#### Information provided
-- Opening Marker --

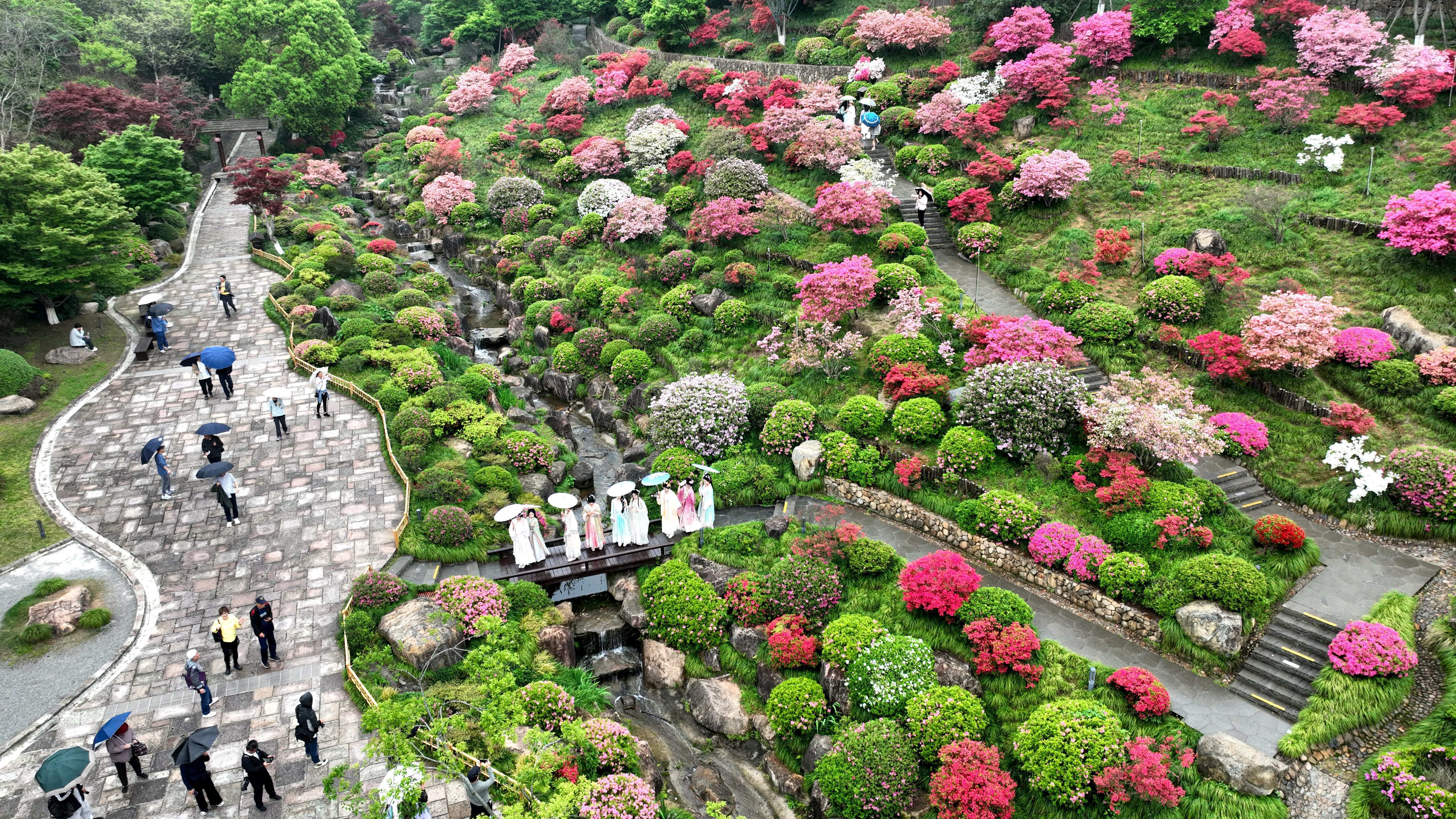 4月11日,游客在浙江省湖州市德清县下渚湖奇幻谷欣赏杜鹃花(无人机照片)。
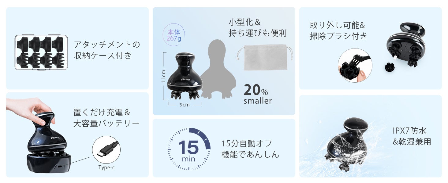 TibnoztのEMSヘッドスパは、プロフェッショナルの技術を忠実に再現し、4種類の回転モードと6種類の動作で、まるでプロにマッサージを受けているかのような快適な頭皮ケアが可能です。さらに、1分間に約9,000回の振動機能を搭載。シャンプー中に使用すれば、手だけでは落としにくい汚れもしっかりと洗浄し、柔らかな頭皮へと導きます。
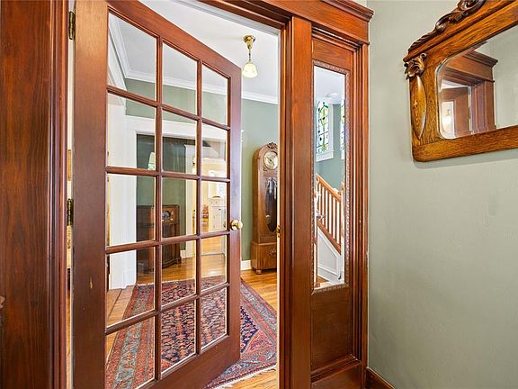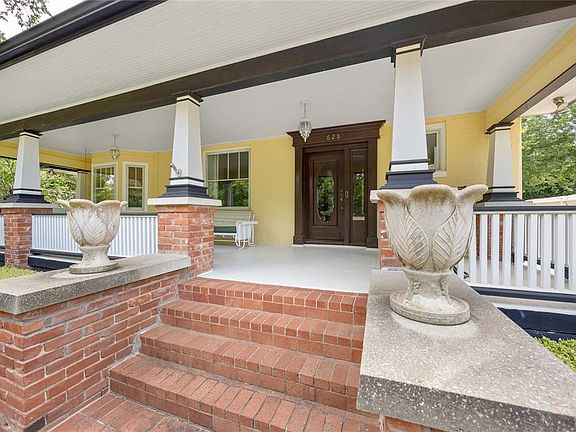 Situated on an oversized lot, this classic Mesta Park gem features a welcoming covered front porch perfect for entertaining neighbors, family, and friends. As you enter the home, you are greeted by an elegant foyer entryway that leads to a formal living area complete with a fireplace and detailed mantle. With 9-foot ceilings throughout most of the house the space feels open and airy. The second living area which can serve as a study or a family room adds to the home's versatility. The formal living room seamlessly opens to the formal dining room, featuring a bay window and French doors. The classic kitchen is designed with a breakfast bar, a dining nook, and a convenient half bathroom. On the second floor, you'll find working transom windows over all bedroom doors adding to the home's historic charm. The primary suite offers a fireplace, two closets, one being a walk-in, a shower, and a luxurious jetted tub while the secondary bathroom upstairs features a classic claw foot tub. The third level is an ideal space for a theatre room or recreation room, complete with a bar area. Multiple outdoor seating options in the backyard, including covered patios and decks, provide ample space for relaxation and entertainment. Enjoy summer days by the lovely vinyl-lined pool. The property also includes a charming carriage house with 872 sf (mol) not included in the square footage and features a kitchen, living room, full bathroom, and a large studio upstairs with a half bath - this versatile space offers endless possibilities for guests or a home office. Bonus small storage house following the same architecture of the main house in the backyard behind the pool. Don't miss the chance to own this stunning craftsman home in the heart of Mesta Park.
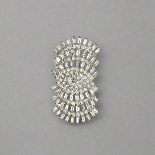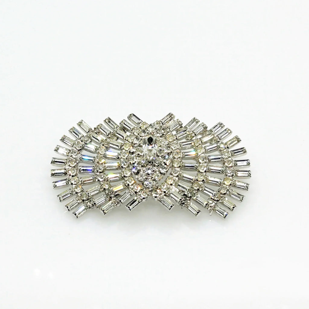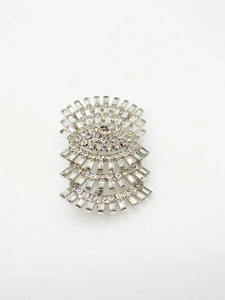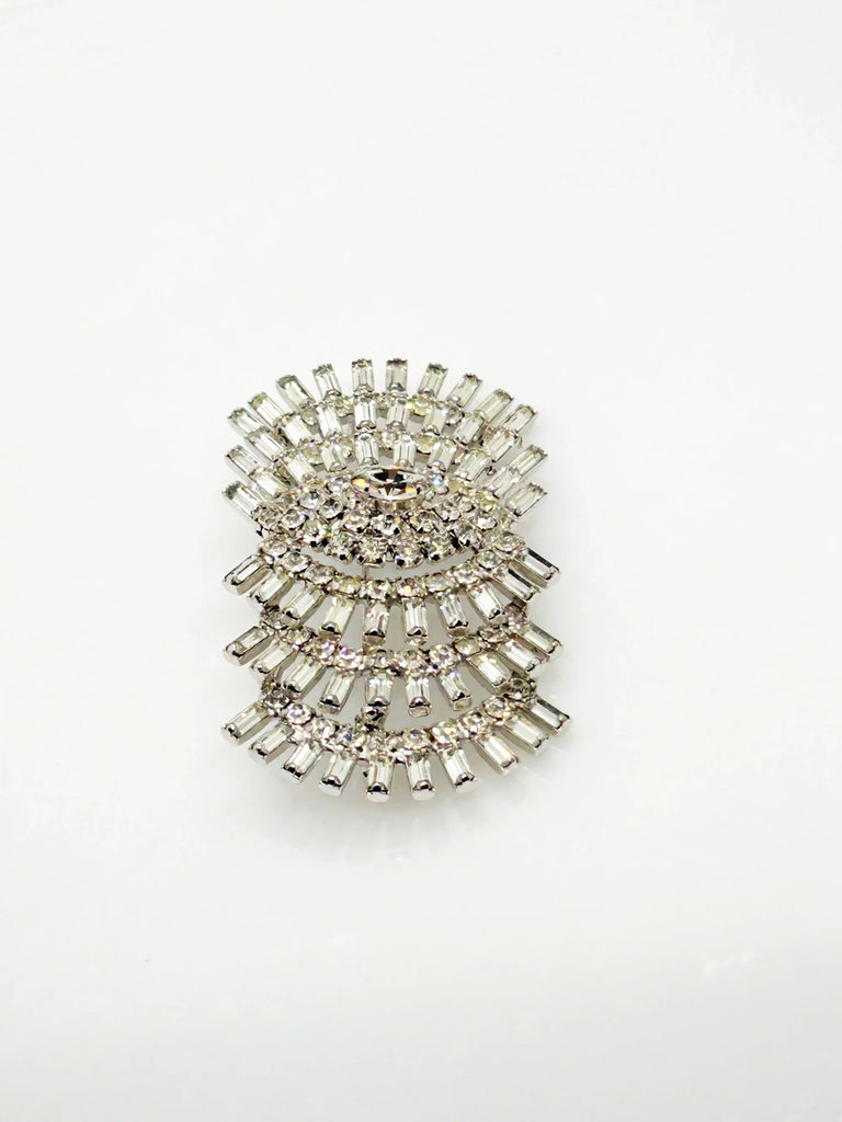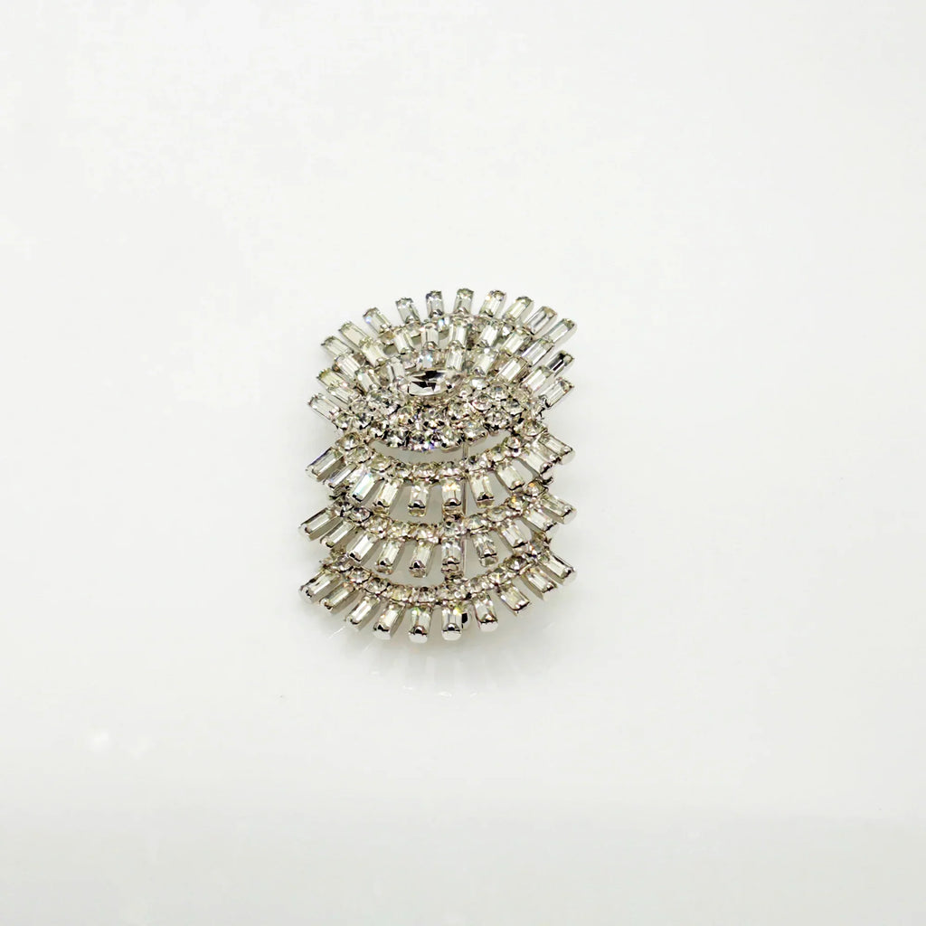 Geometric Deco Style Layered Vintage Rhinestone Brooch

-- Closing Marker --

Write out exactly the lines from the one that contains "TibnoztのEMSヘッド" through the last line of the data above, both included. Leave every picture out.

 TibnoztのEMSヘッドスパは、プロフェッショナルの技術を忠実に再現し、4種類の回転モードと6種類の動作で、まるでプロにマッサージを受けているかのような快適な頭皮ケアが可能です。さらに、1分間に約9,000回の振動機能を搭載。シャンプー中に使用すれば、手だけでは落としにくい汚れもしっかりと洗浄し、柔らかな頭皮へと導きます。
 Situated on an oversized lot, this classic Mesta Park gem features a welcoming covered front porch perfect for entertaining neighbors, family, and friends. As you enter the home, you are greeted by an elegant foyer entryway that leads to a formal living area complete with a fireplace and detailed mantle. With 9-foot ceilings throughout most of the house the space feels open and airy. The second living area which can serve as a study or a family room adds to the home's versatility. The formal living room seamlessly opens to the formal dining room, featuring a bay window and French doors. The classic kitchen is designed with a breakfast bar, a dining nook, and a convenient half bathroom. On the second floor, you'll find working transom windows over all bedroom doors adding to the home's historic charm. The primary suite offers a fireplace, two closets, one being a walk-in, a shower, and a luxurious jetted tub while the secondary bathroom upstairs features a classic claw foot tub. The third level is an ideal space for a theatre room or recreation room, complete with a bar area. Multiple outdoor seating options in the backyard, including covered patios and decks, provide ample space for relaxation and entertainment. Enjoy summer days by the lovely vinyl-lined pool. The property also includes a charming carriage house with 872 sf (mol) not included in the square footage and features a kitchen, living room, full bathroom, and a large studio upstairs with a half bath - this versatile space offers endless possibilities for guests or a home office. Bonus small storage house following the same architecture of the main house in the backyard behind the pool. Don't miss the chance to own this stunning craftsman home in the heart of Mesta Park.
 Geometric Deco Style Layered Vintage Rhinestone Brooch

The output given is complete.